DOST says ‘fake news’ led Cory to ditch BNPP in 1986

By Edd K. Usman

Nothing but “fake news” prompted then President Corazon C. Aquino to abandon the Bataan Nuclear Power Plant (BNPP) in Morong, Bataan in 1986.

DOST-PNRI director Carlo A. Arcilla bats for nuclear power in the Philippines for its uses in medicine, food and agriculture, and freeing of Filipinos from prohibitive cost of electricity

DOST-PNRI director Carlo A. Arcilla 

Dr. Carlo A. Arcilla, a geologist and now director of PNRI, said advisers fed Mrs. Aquino with the wrong information that there was a nearby “volcano” and an “earthquake fault” underneath the BNPP.

Arcilla made the assertion during the opening of the 45th Atomic Energy Week (AEW) on Dec. 4 to 7 at the PNRI headquarters in Quezon City.

He said the first fake news on the BNPP was that it is near a volcano (Mount Natib in Orani, Bataan). The second fake news is that the plant is sitting on a land with an earthquake fault. “These two reasons are both fake news. That was really painful,” he said.

Arcilla said that Laguna de Bay is also a volcano with at least two craters, which erupted over 20,000 years ago, and is much younger than Mount Natib. “Are you afraid of Laguna de Bay? I’m sure you did not even know it’s a volcano,” the PNRI chief said.

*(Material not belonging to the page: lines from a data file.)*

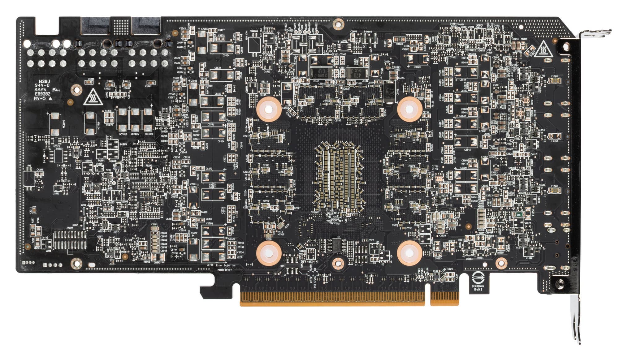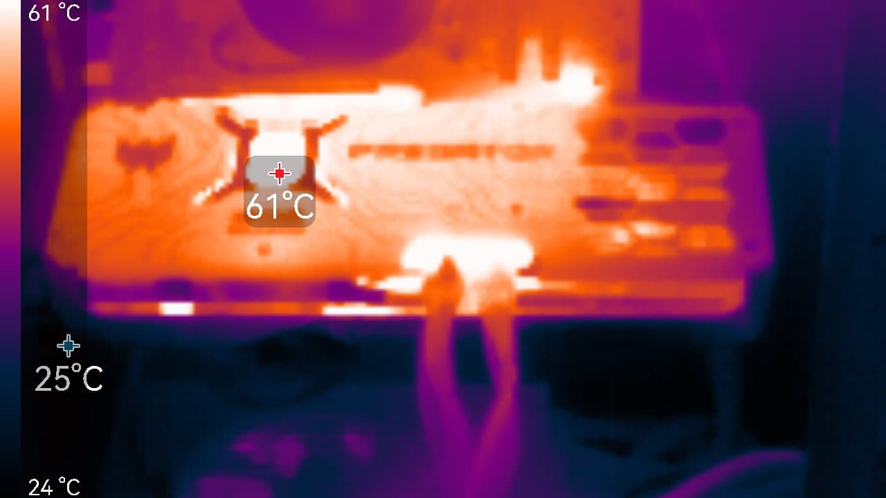 Максимальный нагрев наблюдался в центральной части PCB, около коннекторов питания и около разъема PCIe.
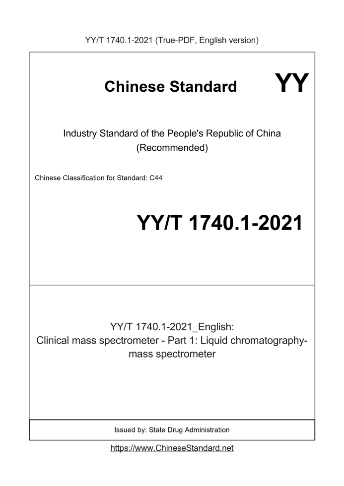 Delivery: <= 3 days. True-PDF full-copy in English will be manually translated and delivered via email. YY/T 1740.1-2021: Clinical mass spectrometer - Part 1: Liquid chromatography-mass spectrometer Status: Valid
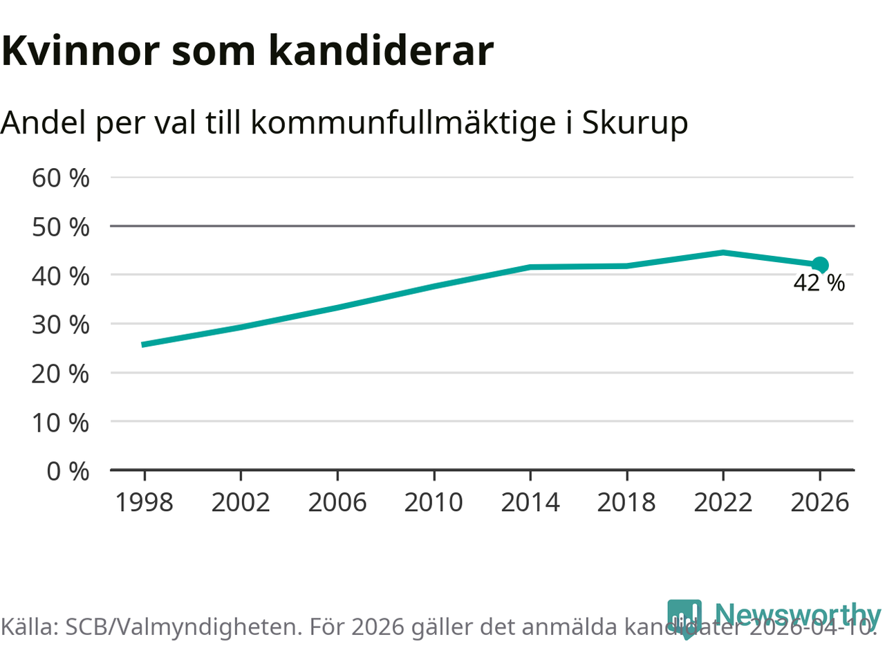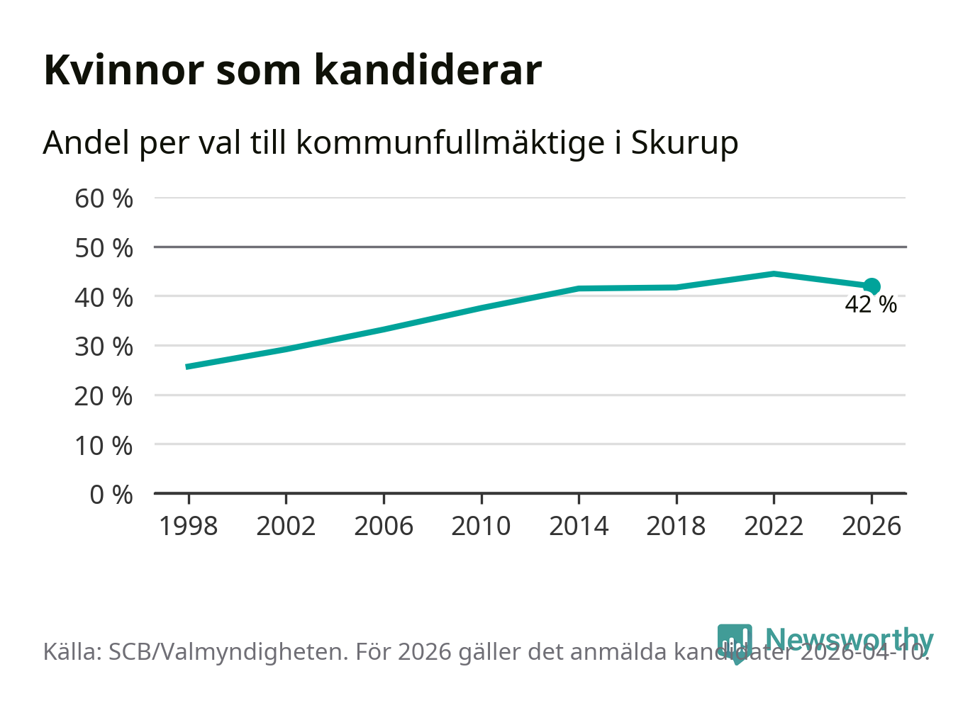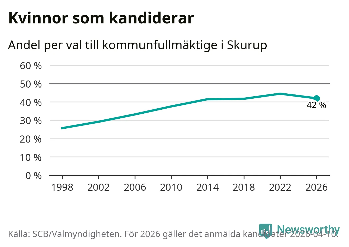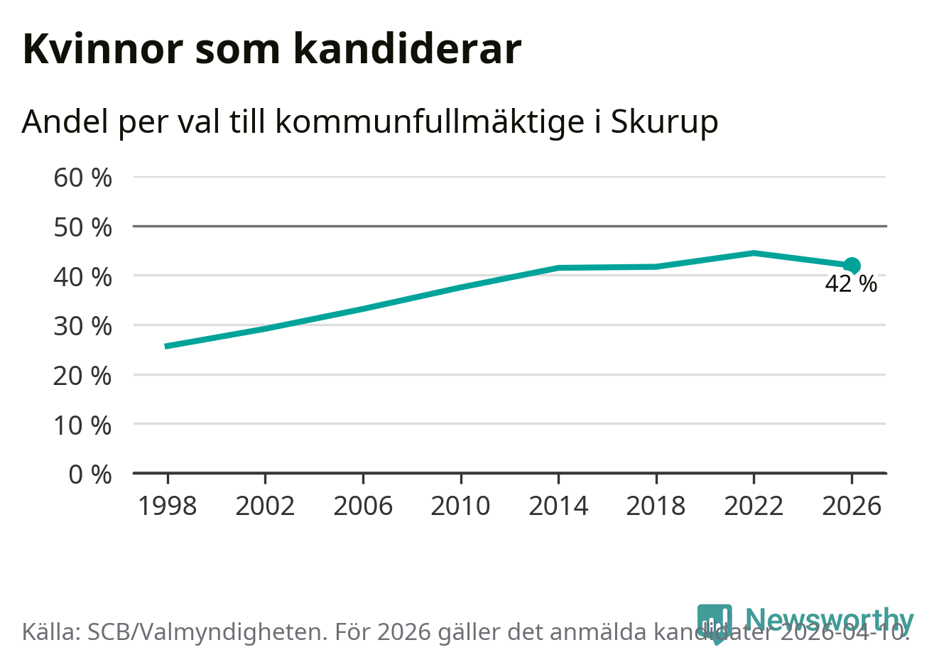 Kvinnorna utgör 42 procent av de hittills anmälda kandidaterna. Vid valet 2022 var 44 procent kvinnor, valet 1998 var motsvarande siffra 26 procent. Skurup är en av 264 kommuner i landet där männen utgör en majoritet av kandidaterna på listorna.

Arcilla cited the study conducted by geologist and scientist Dr. Alfredo “Mahar” Lagmay, which found that no earthquake fault line directly runs through the land where the BNPP is located.

In 1975, the government of former dictator Ferdinand E. Marcos paid $2.3 billion to US firm Westinghouse to build the 620-megawatt BNPP in a 377-hectare government property in Bataan.

The BNPP was supposed to operate starting in late 1985, but the Edsa People Power Revolution toppled Marcos and catapulted Aquino to the presidency.

On April 30, 1986, Aquino ordered the abandonment of the BNPP, citing safety concerns after apparently consulting her advisers about the volcano and the earthquake fault line, and so-called irregularities in its construction.

Meanwhile, in 2007, the government was able to fully pay the BNPP builders in the amount of P64.7 billion (P43.4 billion for principal amortization and P21.2 billion as interest) without the plant producing a single watt of nuclear energy.

Aquino’s abandonment of the BNPP came just four days after the nuclear disaster at the Chernobyl Nuclear Power Plant in Ukraine, then part of the Union of Soviet Socialist Republic (USSR or Soviet Union).

Arcilla said the Chernobyl disaster occurred because it had no containment structure design, unlike most nuclear power plants in Western Europe.

In the most recent nuclear accident, the Fukushima Daiichi Nuclear Power Plant in Japan, Arcilla said the plant’s parts had not sustained damage even with the magnitude 9.0 earthquake that hit the country on March 11, 2011, saying it was the cooling system in the basement that was flooded by tsunami waters and damaged its electrical lines.

The Fukushima accident won’t happen with the BNPP, he assured, because the elevation of the latter is higher than the highest tsunami level.

On earthquakes, the PNRI director said the BNPP was built stronger than 0.4G shield and can cope with the crash of a 747 airplane.

What erupted in Fukushima was hydrogen, not nuclear, he said. Its cooling system failed because its electrical installations were water-damaged, he added.

He said because of what happened at Fukushima, power plants across the world have learned their lesson and have now put in place measures for stronger electrical power systems, even installing a second system outside the plants.

A former head of the University of the Philippines-National Institute of Geological Sciences (UP-NIGS), Arcilla said he will fight hard for nuclear energy in the country.

Nuclear power is not all about bombs, he said. It is used in medicine (diagnostic of cancer), extending food shelf life, increasing rice production without fertilizers through irradiation, and considerably slicing power costs for homes and industries through nuclear energy.

“Nuclear energy is not only a weapon for mass destruction, it is actually a very important tool for uplifting humanity,” said Arcilla. “For too long, our country has suffered under policies that are not guided by science. It is time to change that.”